I think if the node never comes back, the volume will be force detached and the associated volume attachment will go away. This at least allows the Longhorn volume to be used by another node.

Relevant code:

https://github.com/kubernetes/kubernetes/blob/a1a87a0a2bcd605820920c6b0e618a8ab7d117d4/pkg/controller/volume/attachdetach/reconciler/reconciler.go#L214C1-L235C5

Confirming logs (with kube-controller-manager logs turned up to 5):

I1025 15:52:45.662316       1 reconciler.go:233] "Cannot detach volume because it is still mounted" volume={AttachedVolume:{VolumeName:kubernetes.io/csi/driver.longhorn.io^pvc-476a4873-d166-4e6e-8bac-ccf01083e14d VolumeSpec:0xc00602f998 NodeName:harvester-pnws6 PluginIsAttachable:true DevicePath: DeviceMountPath: PluginName: SELinuxMountContext:} MountedByNode:true DetachRequestedTime:2023-10-25 15:52:29.477725428 +0000 UTC m=+32.572903966}

Deleting the volume attachment manually unsticks the volume and allows it to be used elsewhere. However, the kubelet on the old node continues to report it as attached and in use and continues to log these errors.

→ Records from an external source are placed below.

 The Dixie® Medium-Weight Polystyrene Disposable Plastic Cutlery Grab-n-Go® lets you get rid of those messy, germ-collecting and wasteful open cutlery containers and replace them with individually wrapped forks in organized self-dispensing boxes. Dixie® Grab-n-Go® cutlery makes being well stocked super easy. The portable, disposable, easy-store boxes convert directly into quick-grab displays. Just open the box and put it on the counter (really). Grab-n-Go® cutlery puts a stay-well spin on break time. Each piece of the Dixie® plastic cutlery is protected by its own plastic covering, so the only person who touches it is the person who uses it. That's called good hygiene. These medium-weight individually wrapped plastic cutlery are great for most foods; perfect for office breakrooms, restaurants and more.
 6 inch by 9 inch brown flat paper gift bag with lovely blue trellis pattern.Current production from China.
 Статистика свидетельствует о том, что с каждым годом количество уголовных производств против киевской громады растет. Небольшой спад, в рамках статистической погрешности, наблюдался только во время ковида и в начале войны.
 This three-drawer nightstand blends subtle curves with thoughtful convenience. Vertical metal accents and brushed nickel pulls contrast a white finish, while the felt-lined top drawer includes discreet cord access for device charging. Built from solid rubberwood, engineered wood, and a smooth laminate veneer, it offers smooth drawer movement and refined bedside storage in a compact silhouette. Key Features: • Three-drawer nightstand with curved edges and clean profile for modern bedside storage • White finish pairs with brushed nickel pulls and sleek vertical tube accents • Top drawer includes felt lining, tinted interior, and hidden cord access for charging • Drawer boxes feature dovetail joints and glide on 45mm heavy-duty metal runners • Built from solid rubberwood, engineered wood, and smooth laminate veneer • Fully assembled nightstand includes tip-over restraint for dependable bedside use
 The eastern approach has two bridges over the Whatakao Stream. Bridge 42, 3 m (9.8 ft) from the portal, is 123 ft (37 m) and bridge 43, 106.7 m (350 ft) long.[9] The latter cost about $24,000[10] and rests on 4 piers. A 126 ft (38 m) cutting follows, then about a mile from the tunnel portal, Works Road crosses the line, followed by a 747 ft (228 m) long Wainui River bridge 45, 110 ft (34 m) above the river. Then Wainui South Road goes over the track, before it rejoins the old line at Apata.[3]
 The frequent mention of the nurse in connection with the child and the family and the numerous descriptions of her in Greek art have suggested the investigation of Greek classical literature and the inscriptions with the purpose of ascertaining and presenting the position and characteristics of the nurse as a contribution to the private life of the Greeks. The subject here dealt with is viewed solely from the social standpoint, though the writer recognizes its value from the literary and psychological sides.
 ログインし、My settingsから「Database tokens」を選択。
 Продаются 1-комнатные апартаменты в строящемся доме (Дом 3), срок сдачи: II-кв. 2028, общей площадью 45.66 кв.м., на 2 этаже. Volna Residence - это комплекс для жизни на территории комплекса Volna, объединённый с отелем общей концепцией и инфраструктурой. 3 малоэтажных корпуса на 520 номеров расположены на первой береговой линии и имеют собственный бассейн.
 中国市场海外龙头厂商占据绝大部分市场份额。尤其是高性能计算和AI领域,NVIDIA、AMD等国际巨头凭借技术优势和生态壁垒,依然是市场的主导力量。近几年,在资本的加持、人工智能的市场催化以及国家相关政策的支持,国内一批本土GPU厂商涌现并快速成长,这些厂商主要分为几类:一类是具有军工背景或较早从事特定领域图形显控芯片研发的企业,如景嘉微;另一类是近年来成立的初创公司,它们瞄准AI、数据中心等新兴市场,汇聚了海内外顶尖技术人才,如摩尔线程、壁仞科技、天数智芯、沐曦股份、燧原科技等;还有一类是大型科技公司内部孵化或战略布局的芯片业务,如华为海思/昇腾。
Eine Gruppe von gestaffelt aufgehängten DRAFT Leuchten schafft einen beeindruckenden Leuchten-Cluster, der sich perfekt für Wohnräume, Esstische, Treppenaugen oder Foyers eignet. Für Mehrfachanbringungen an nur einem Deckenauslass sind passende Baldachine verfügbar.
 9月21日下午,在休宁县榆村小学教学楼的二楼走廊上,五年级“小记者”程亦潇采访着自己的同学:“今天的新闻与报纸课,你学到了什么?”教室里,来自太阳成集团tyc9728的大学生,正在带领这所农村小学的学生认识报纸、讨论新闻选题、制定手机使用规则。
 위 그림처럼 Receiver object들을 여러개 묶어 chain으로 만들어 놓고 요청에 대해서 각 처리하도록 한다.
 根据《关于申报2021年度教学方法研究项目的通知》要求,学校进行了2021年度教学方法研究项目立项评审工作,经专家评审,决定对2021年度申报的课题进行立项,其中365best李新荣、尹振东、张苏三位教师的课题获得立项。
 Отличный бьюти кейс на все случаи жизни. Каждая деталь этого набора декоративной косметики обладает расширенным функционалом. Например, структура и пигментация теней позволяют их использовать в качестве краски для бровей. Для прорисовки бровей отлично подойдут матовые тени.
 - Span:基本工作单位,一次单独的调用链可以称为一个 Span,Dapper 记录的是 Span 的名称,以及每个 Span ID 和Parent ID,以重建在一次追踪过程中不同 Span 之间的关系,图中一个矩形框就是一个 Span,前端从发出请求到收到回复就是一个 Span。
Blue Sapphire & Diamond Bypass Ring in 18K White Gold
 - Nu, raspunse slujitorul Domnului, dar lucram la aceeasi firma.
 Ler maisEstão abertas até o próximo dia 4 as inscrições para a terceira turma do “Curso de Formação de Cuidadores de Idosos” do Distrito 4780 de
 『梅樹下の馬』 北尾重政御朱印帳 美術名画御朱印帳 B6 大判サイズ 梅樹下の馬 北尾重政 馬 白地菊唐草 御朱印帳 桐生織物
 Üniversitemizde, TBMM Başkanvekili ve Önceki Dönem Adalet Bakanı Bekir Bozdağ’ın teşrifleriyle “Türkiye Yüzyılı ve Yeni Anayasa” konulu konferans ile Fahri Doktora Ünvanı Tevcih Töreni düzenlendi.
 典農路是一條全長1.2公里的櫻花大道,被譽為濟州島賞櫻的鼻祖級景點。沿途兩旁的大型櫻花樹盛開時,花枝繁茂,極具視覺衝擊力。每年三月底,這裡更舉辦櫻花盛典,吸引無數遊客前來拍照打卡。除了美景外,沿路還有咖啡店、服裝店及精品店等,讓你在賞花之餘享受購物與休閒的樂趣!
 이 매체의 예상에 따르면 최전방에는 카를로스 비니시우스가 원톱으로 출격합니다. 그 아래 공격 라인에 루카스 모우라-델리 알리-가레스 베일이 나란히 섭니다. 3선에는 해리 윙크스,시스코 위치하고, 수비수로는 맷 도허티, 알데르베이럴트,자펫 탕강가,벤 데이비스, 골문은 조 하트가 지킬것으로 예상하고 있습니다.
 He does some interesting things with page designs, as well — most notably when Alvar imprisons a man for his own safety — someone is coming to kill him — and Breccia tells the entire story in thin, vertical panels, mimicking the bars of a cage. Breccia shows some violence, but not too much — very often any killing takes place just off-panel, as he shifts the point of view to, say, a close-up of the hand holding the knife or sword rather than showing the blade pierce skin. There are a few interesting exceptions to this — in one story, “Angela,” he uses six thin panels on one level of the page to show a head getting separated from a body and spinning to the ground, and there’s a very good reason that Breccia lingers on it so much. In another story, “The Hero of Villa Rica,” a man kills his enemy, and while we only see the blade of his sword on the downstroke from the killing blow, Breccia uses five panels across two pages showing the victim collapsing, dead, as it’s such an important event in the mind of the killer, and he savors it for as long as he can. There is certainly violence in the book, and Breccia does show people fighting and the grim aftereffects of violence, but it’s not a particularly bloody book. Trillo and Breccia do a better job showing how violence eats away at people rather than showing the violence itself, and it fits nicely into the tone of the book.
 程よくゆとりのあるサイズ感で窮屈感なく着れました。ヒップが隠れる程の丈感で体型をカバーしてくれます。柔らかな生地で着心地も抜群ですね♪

@PhanLe1010 Yes, I am experiencing the same problem. I think it’s no need to call actualStateOfWorld.MarkDeviceAsUnmounted in markDeviceErrorState if volume was previously reconstructed. I opened a PR to do this.

@PhanLe1010
Does kubelet have the error Error: MapVolume.SetUpDevice failed for volume ... : kubernetes.io/csi: blockMapper.SetUpDevice failed to get CSI client: driver name ... not found in the list of registered CSI drivers? In my environment, csi.(*csiBlockMapper).SetUpDevice can be succeed sometimes.